Tanto La Moncloa como el Govern dejaron claro que existían acuerdos maduros que se podrían presentar en esta mesa, de ahí que no se entienda tanto secretismo para finalmente ponerle fecha hasta el último minuto. Que aún quedaban aspectos por cerrar lo demuestra la presión pública de los últimos días de los republicanos, especialmente en lo referente a acuerdos en el frente judicial. Oriol Junqueras, entre otras primeras espadas del partido, han acusado al Ejecutivo de no querer reformar el Código Penal, mostrando así el interés porque los avances lleguen en ese campo.

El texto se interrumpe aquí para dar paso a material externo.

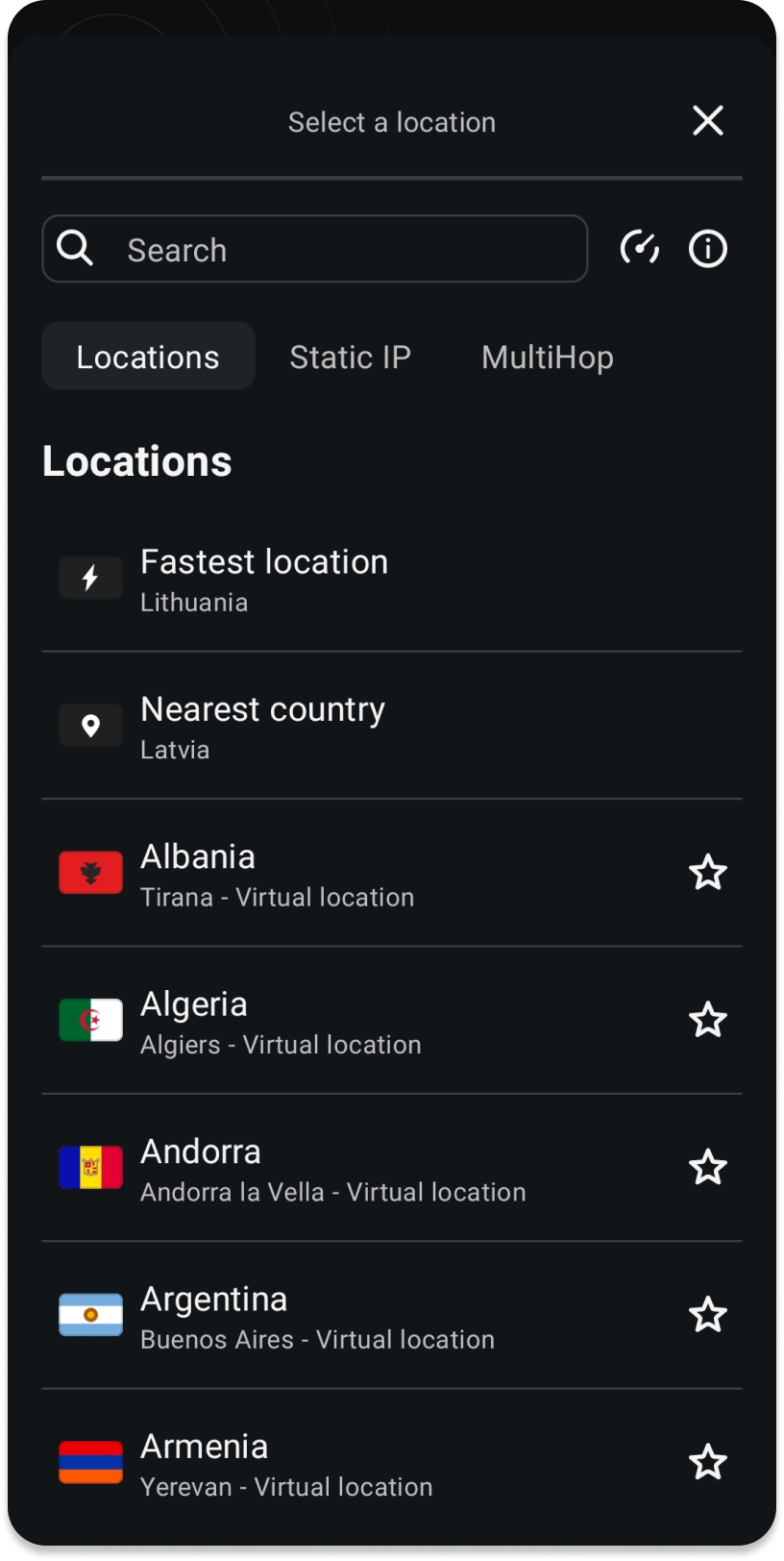 Choose the fastest server or the nearest country, or scroll down and pick a server from the locations list:
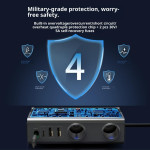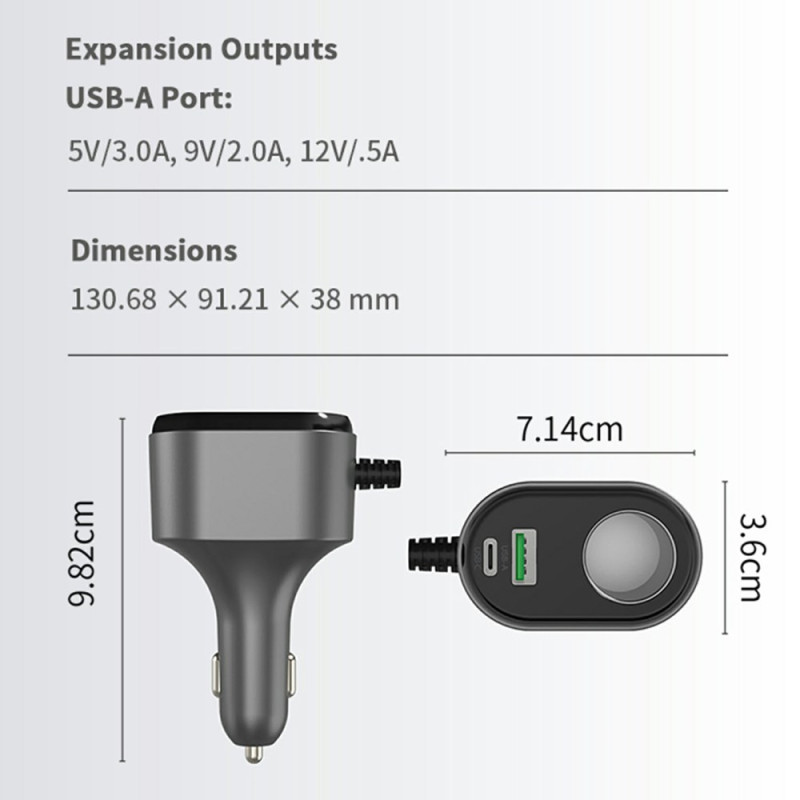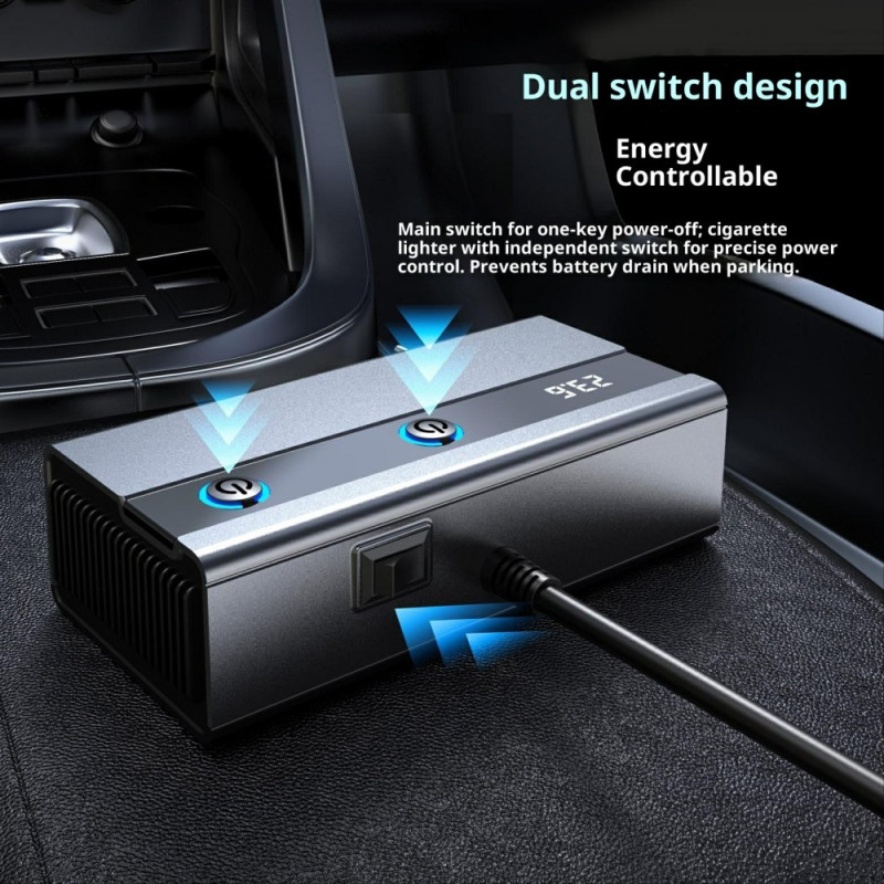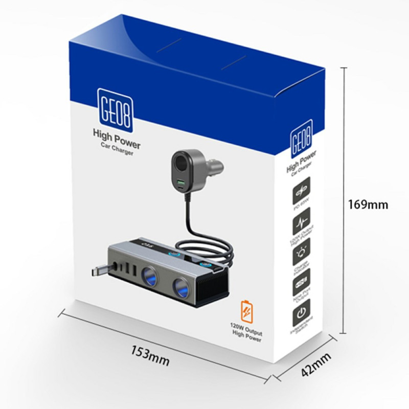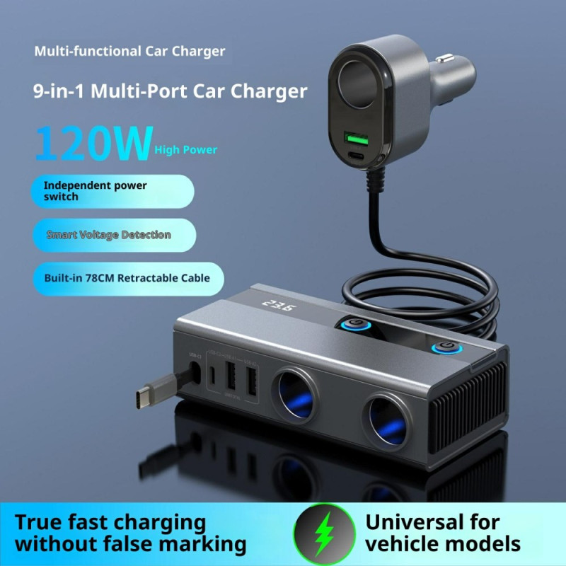 Carregador multiporta 9 em 1 de 120 W para automóvel com cabo retrátil de 78 cm e carregamento rápido PD de 65 W. Interruptores duplos para um controlo preciso da potência. Compatível com todos os veículos de 12V-24V.

Las posiciones de inicio del Gobierno y el Govern son muy distantes. En una entrevista a este diario, la ministra de Hacienda y nueva número dos del PSOE, María Jesús Montero, recordó el domingo que una negociación sobre la independencia de Cataluña es imposible y que ni siquiera se habla de ello en los tanteos parlamentarios.

En el caso de la llamada “desjudicialización”, en ERC insisten en que este término es cosecha de La Moncloa y recuerdan que aparece como el segundo punto de la llamada Agenda del Reencuentro, el documento de 44 puntos con el que el Gobierno quiere encauzar la desafección de parte de la ciudadanía de Cataluña. Las mismas fuentes insisten en que el Govern no tiene problemas semánticos, porque ese término encaja en su propuesta de amnistía para las decenas de altos cargos y ciudadanos que tienen causas abiertas o sentencias derivadas del procés.

El Gobierno ya indultó a los condenados por el Tribunal Supremo, en una decisión criticada por la oposición de derechas, y anunció una reforma del Código Penal, que no ha llevado a cabo, para reducir a la mitad las penas por el delito de sedición. El Ejecutivo central sostiene ahora que más allá de los indultos, es muy difícil definir qué más puede proponer en ese apartado, bajo la premisa de actuar en el marco de la legalidad vigente.

La reforma del Código Penal, que ya en su día recomendó la Asamblea Parlamentaria del Consejo de Europa, tiene como punto más paradigmático reformar el delito de sedición para reducir a la mitad sus penas. Fue el delito por el que fueron condenados los exconsejeros de la Generalitat de Carles Puigdemont en concurso medial con malversación de fondos públicos. Fuentes de La Moncloa ya desinflaron, hace dos semanas, la posibilidad de que se abordara esa reforma en la mesa de diálogo.